Start of Material for the task

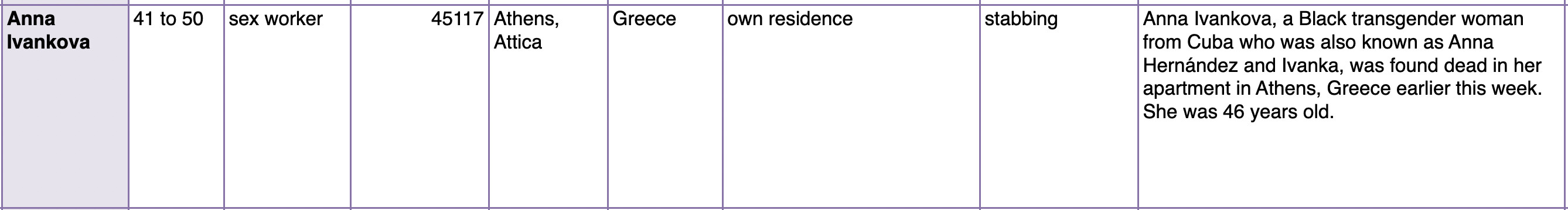 Η Άννα έχει καταγραφεί ως το 259ο θύμα τρανσφοβικής επίθεσης.
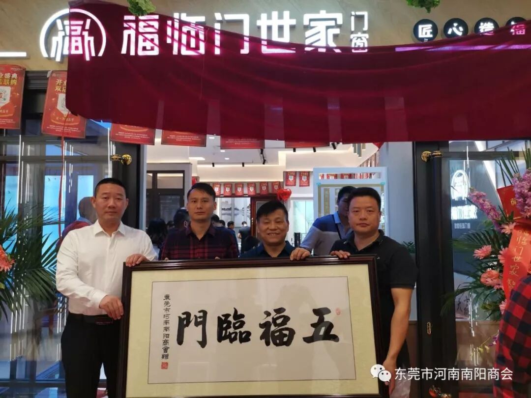12月23日,商会监事刘红旗总经理”福临门世家“在东莞红星美凯龙开业,商会领导送去书法匾一幅(五福临门),祝福刘总的福临门世家旗舰店生意兴隆,财源滚滚!在商会这个大家庭里,会员能充分感受到商会的关心和支持,宛商一家人,处处有关心!
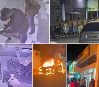 Nos vídeos, os bandidos fizeram diversos moradores reféns. Dentro do banco, usaram explosivos para ter acesso ao cofre e a uma grande quantidade de dinheiro.
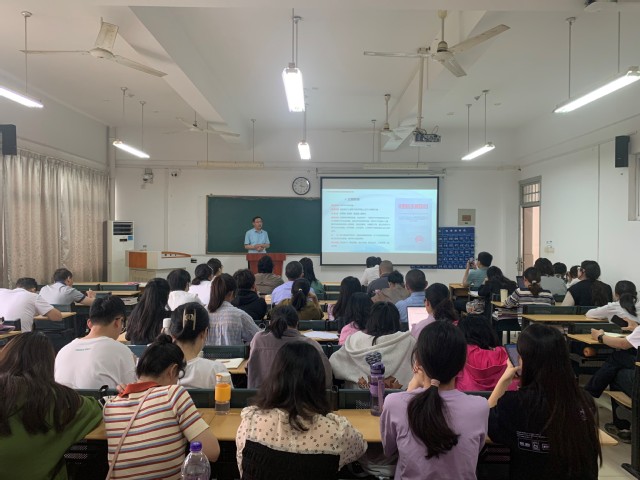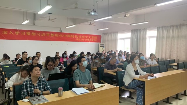 5月16日下午,語言文化與傳媒學院在5棟305教室舉行主題教育專題黨課暨黨的二十大精神宣講會,黨課由學院黨委書記儲昭輝教授講授,全院所有教師及學生黨員參加。
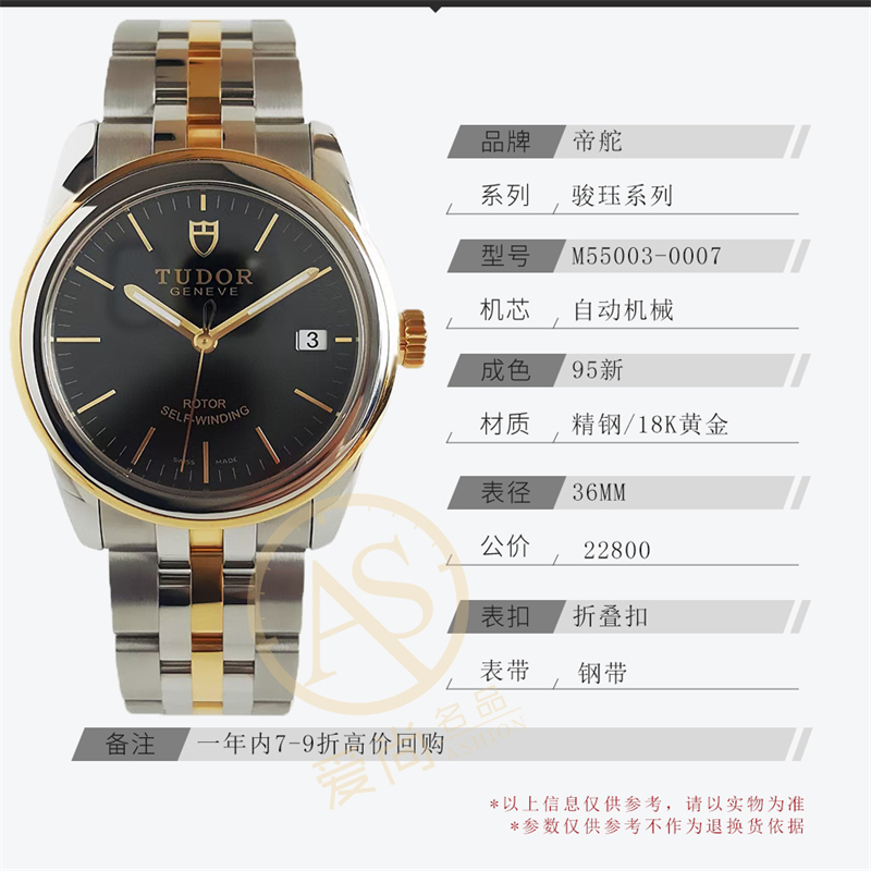 帝舵骏珏系列 型号M55003-0007 36表径自动机械表 精钢/18K黄金材质 公价22800元
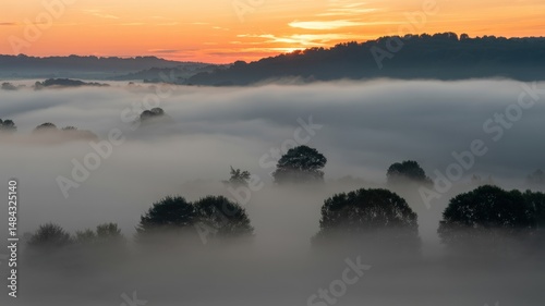 © Aimag, Fototapeta premium Ethereal Morning Mist Engulfing a Serene Valley Landscape at Golden Sunrise
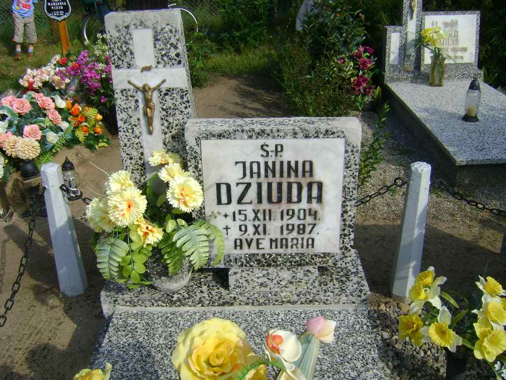 Grób: I.2.15 Dziuda Janiana ur.:15.12.1904 zm.:09.11.1987 Całkowski Antoni ur.:07-12-1953 zm.:13-08-2012 |

End of Material for the task

▸ **Task to complete**
Write out the records above exactly. Begin with the first line, end with the line holding "at Golden Sunrise", and drop the pictures.

▸ **Result for this task**
 Η Άννα έχει καταγραφεί ως το 259ο θύμα τρανσφοβικής επίθεσης.
12月23日,商会监事刘红旗总经理”福临门世家“在东莞红星美凯龙开业,商会领导送去书法匾一幅(五福临门),祝福刘总的福临门世家旗舰店生意兴隆,财源滚滚!在商会这个大家庭里,会员能充分感受到商会的关心和支持,宛商一家人,处处有关心!
 Nos vídeos, os bandidos fizeram diversos moradores reféns. Dentro do banco, usaram explosivos para ter acesso ao cofre e a uma grande quantidade de dinheiro.
 5月16日下午,語言文化與傳媒學院在5棟305教室舉行主題教育專題黨課暨黨的二十大精神宣講會,黨課由學院黨委書記儲昭輝教授講授,全院所有教師及學生黨員參加。
 帝舵骏珏系列 型号M55003-0007 36表径自动机械表 精钢/18K黄金材质 公价22800元
 © Aimag, Fototapeta premium Ethereal Morning Mist Engulfing a Serene Valley Landscape at Golden Sunrise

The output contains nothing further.